* [TASK DETAILS] Locate the line that contains "VIGA medinė manipuliavimo" in the data that follows. Copy it and every subsequent line to the end, exactly, excluding pictures.

* [DATA SHOWN]
BEGIN
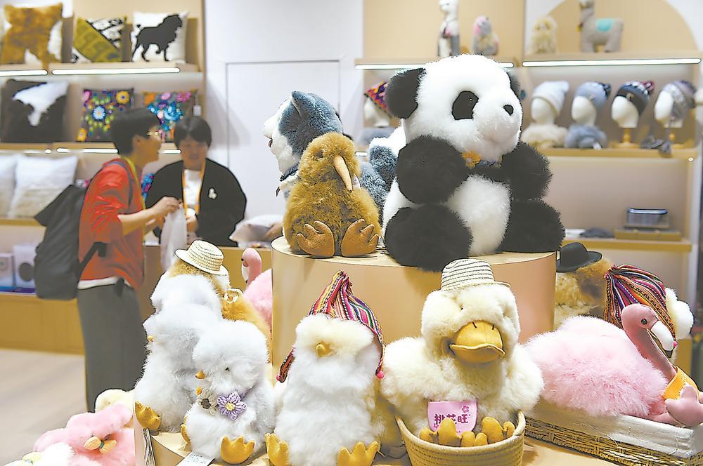 5日,观众在第八届进博会消费品展区选购毛绒玩具。
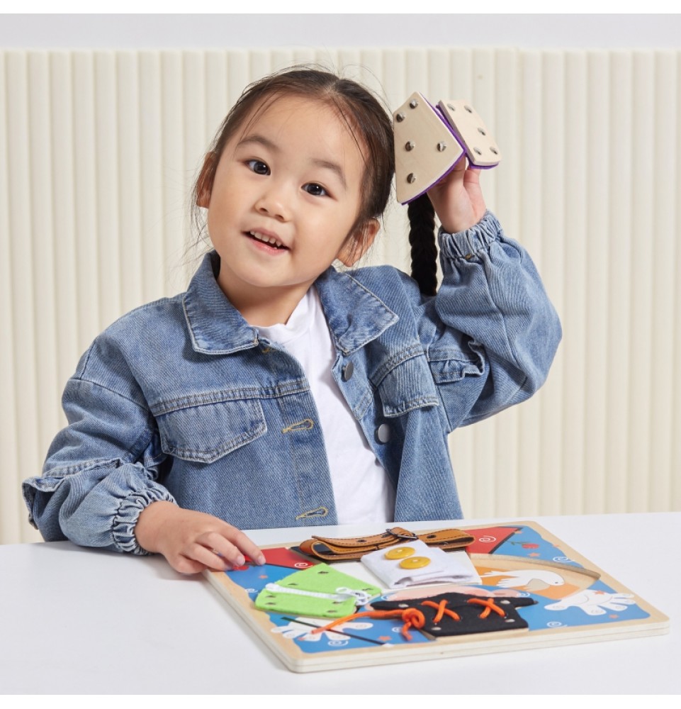 VIGA medinė manipuliavimo lenta su sagtimis ir užraktais Monstessori magas
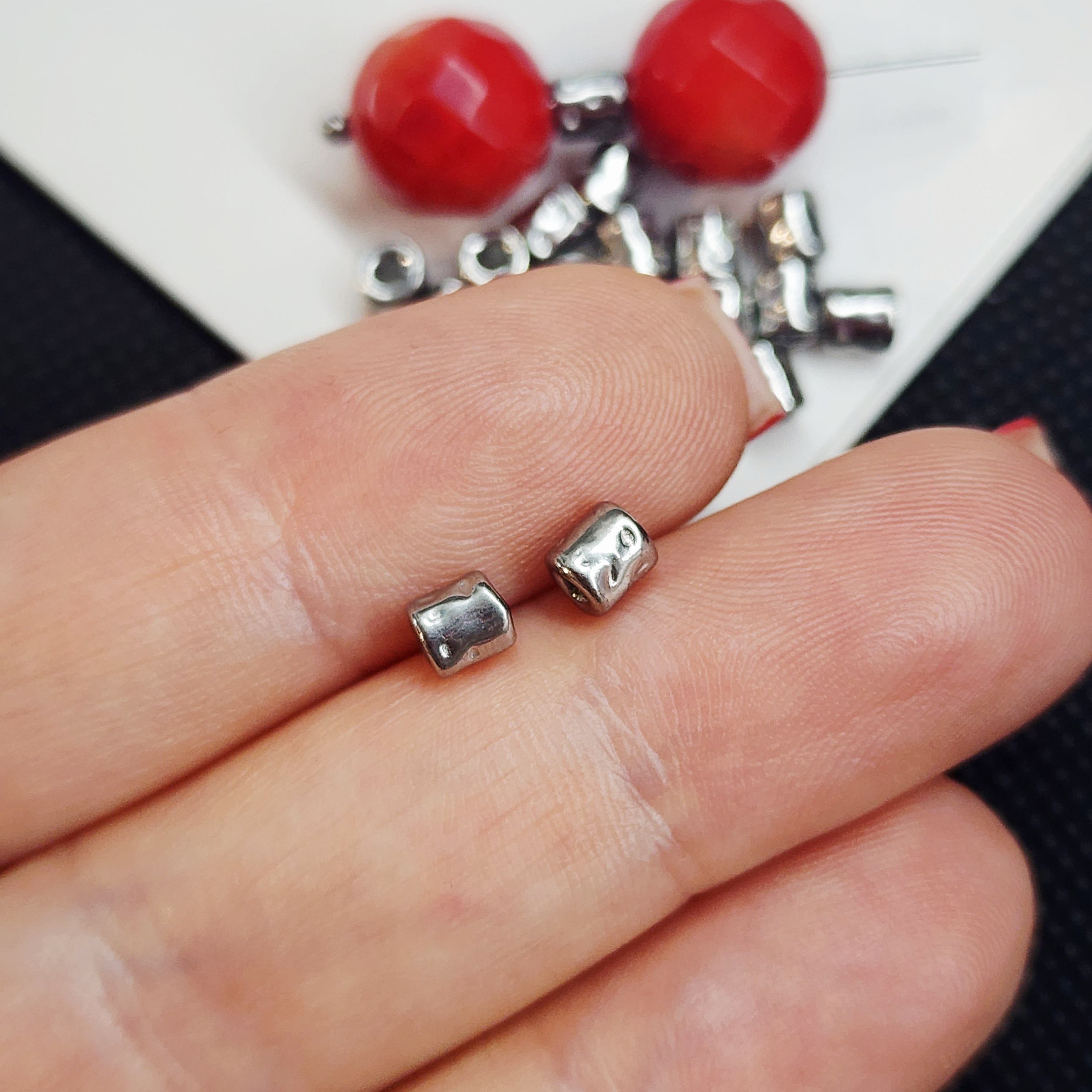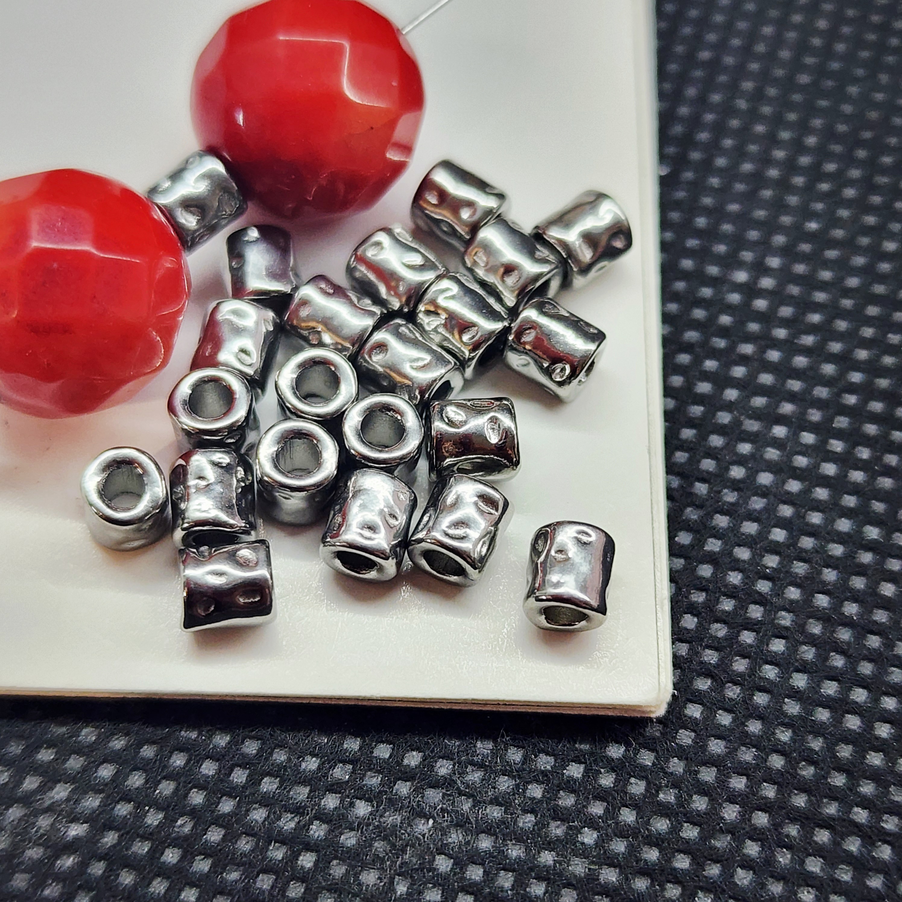 Стильные бусинки тубы, "мятые", форма трубочки, размер 4×4мм, отверстие 1.6мм
END
* [WRITTEN REPLY]
 VIGA medinė manipuliavimo lenta su sagtimis ir užraktais Monstessori magas
 Стильные бусинки тубы, "мятые", форма трубочки, размер 4×4мм, отверстие 1.6мм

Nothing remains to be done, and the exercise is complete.